Classifier: Programming Language :: Python :: 3.14
Classifier: Intended Audience :: Developers
Classifier: Topic :: Software Development :: Libraries :: Python Modules
Requires-Dist: duckdb>=1.5.3
Requires-Dist: polars>=1.41.2
Requires-Dist: pyarrow>=24.0.0
Requires-Dist: xlsxwriter>=3.2.9
Requires-Dist: fastexcel>=0.20.2
Requires-Dist: pytest>=9.0.3 ; extra == 'dev'
Requires-Dist: pytest-cov>=7.1.0 ; extra == 'dev'
Requires-Dist: ruff>=0.15.17 ; extra == 'dev'
Requires-Dist: bumpver>=2026.1132 ; extra == 'dev'
Requires-Dist: maturin>=1.7,<2.0 ; extra == 'dev'
Requires-Dist: pymupdf>=1.27.2 ; extra == 'pdf'
Requires-Dist: pdfplumber>=0.11.9 ; extra == 'pdf'
Requires-Dist: pytesseract>=0.3.13 ; extra == 'pdf'
Requires-Dist: pillow>=12.2.0 ; extra == 'pdf'
Requires-Dist: pypdfium2>=5.9.0 ; extra == 'pdf'
Provides-Extra: dev
Provides-Extra: pdf
License-File: LICENSE
Summary: Read CSV files and convert to other file formats easily
Keywords: csv,data,duckdb,polars,pyarrow,xlsx,delimiter,pdf
Author-email: Martin Graham <datagrunt@datagrunt.io>
License-Expression: MIT
Requires-Python: >=3.10
Description-Content-Type: text/markdown; charset=UTF-8; variant=GFM
Project-URL: Bug Tracker, https://github.com/pmgraham/datagrunt/issues
Project-URL: Documentation, https://www.datagrunt.io/
Project-URL: Homepage, https://www.datagrunt.io/
Project-URL: Source Code, https://github.com/pmgraham/datagrunt

# Welcome To Datagrunt

Datagrunt is a Python library designed to simplify the way you work with CSV, Excel, Parquet, and PDF files. It provides a streamlined approach to reading, processing, and transforming your data into various formats, making data manipulation efficient and intuitive.

## Why Datagrunt?

Born out of real-world frustration, Datagrunt eliminates the need for repetitive coding when handling CSV, Excel, Parquet, and PDF files. Whether you're a data analyst, data engineer, or data scientist, Datagrunt empowers you to focus on insights, not tedious data wrangling.

### What Datagrunt Is Not
Datagrunt is not an extension of or a replacement for DuckDB, Polars, or PyArrow, nor is it a comprehensive data processing solution. Instead, it's designed to simplify the way you work with CSV, Excel, Parquet, and PDF files — solving the pain point of inferring delimiters when a CSV structure is unknown, reading Excel workbooks sheet by sheet, reading and converting columnar Parquet data, and turning PDFs into structured, queryable data. Datagrunt provides an easy way to convert CSV, Excel, and Parquet files to dataframes and export them to various formats, and to extract text, tables, and images from PDFs. One of Datagrunt's value propositions is its relative simplicity and ease of use.

## Key Features

- **Intelligent Delimiter Inference:** Datagrunt automatically detects and applies the correct delimiter for your CSV files.
- **Rust-Accelerated Core (v4.0+):** CSV delimiter and dialect inference run in a bundled Rust extension (`datagrunt._native`) for multiple-times-faster scanning of large files. The native engine is the default and is required on supported platforms (it ships as a prebuilt wheel).
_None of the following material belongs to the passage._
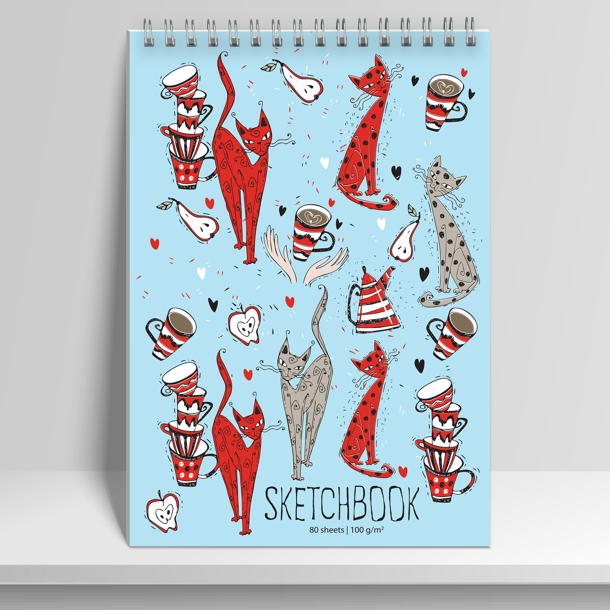 Скетчбук - альбом для рисования А5+80 л "Изящные кошки Sev" спираль/20

A byte-for-byte-equivalent pure-Python implementation lives alongside it as the differential-parity oracle — validated against the Rust engine in CI and selectable via a hidden diagnostics toggle — so results are identical no matter which path runs.
- **Path Object Support:** Full support for both string paths and `pathlib.Path` objects for modern, cross-platform file handling.
- **Multiple Processing Engines:** Choose from three powerful engines - [DuckDB](https://duckdb.org), [Polars](https://pola.rs), and [PyArrow](https://arrow.apache.org/docs/python/) - to handle your data processing needs.
- **Flexible Data Transformation:** Easily convert your processed CSV, Excel, and Parquet data into various formats including CSV, Excel, JSON, JSONL, and Parquet.
- **Excel Reading & Writing:** Read `.xlsx`/`.xls` workbooks sheet by sheet into DataFrames, dicts, Arrow, or SQL, and export any sheet (or all of them) to CSV, JSON, JSONL, Parquet, or Excel.
- **Parquet Reading & Writing:** Read `.parquet` files into DataFrames, dicts, Arrow tables, or SQL, and export to CSV, JSON, JSONL, Parquet, or Excel. Backed by a single Polars engine with full `read_options`/`write_options` passthrough.
- **Robust by Default:** Fail-fast validation with clear errors (invalid engine names, missing paths, directories, encrypted PDFs), graceful handling of empty files, no `UnicodeDecodeError` when constructing a reader over a non-UTF-8 file, and sane comment semantics — only leading `#` lines are treated as comments, so `#`-prefixed data rows such as hex colors are preserved on all engines.
- **PDF Parsing & OCR:** Extract text, tables, and images from PDF files as dicts, DataFrames, or JSON, with optional [Tesseract](https://github.com/tesseract-ocr/tesseract) OCR for scanned pages. Powered by the permissively-licensed **PDFium** engine by default, with **PyMuPDF** available as an alternative.
- **Pythonic API:** Enjoy a clean and intuitive API that integrates seamlessly into your existing Python workflows.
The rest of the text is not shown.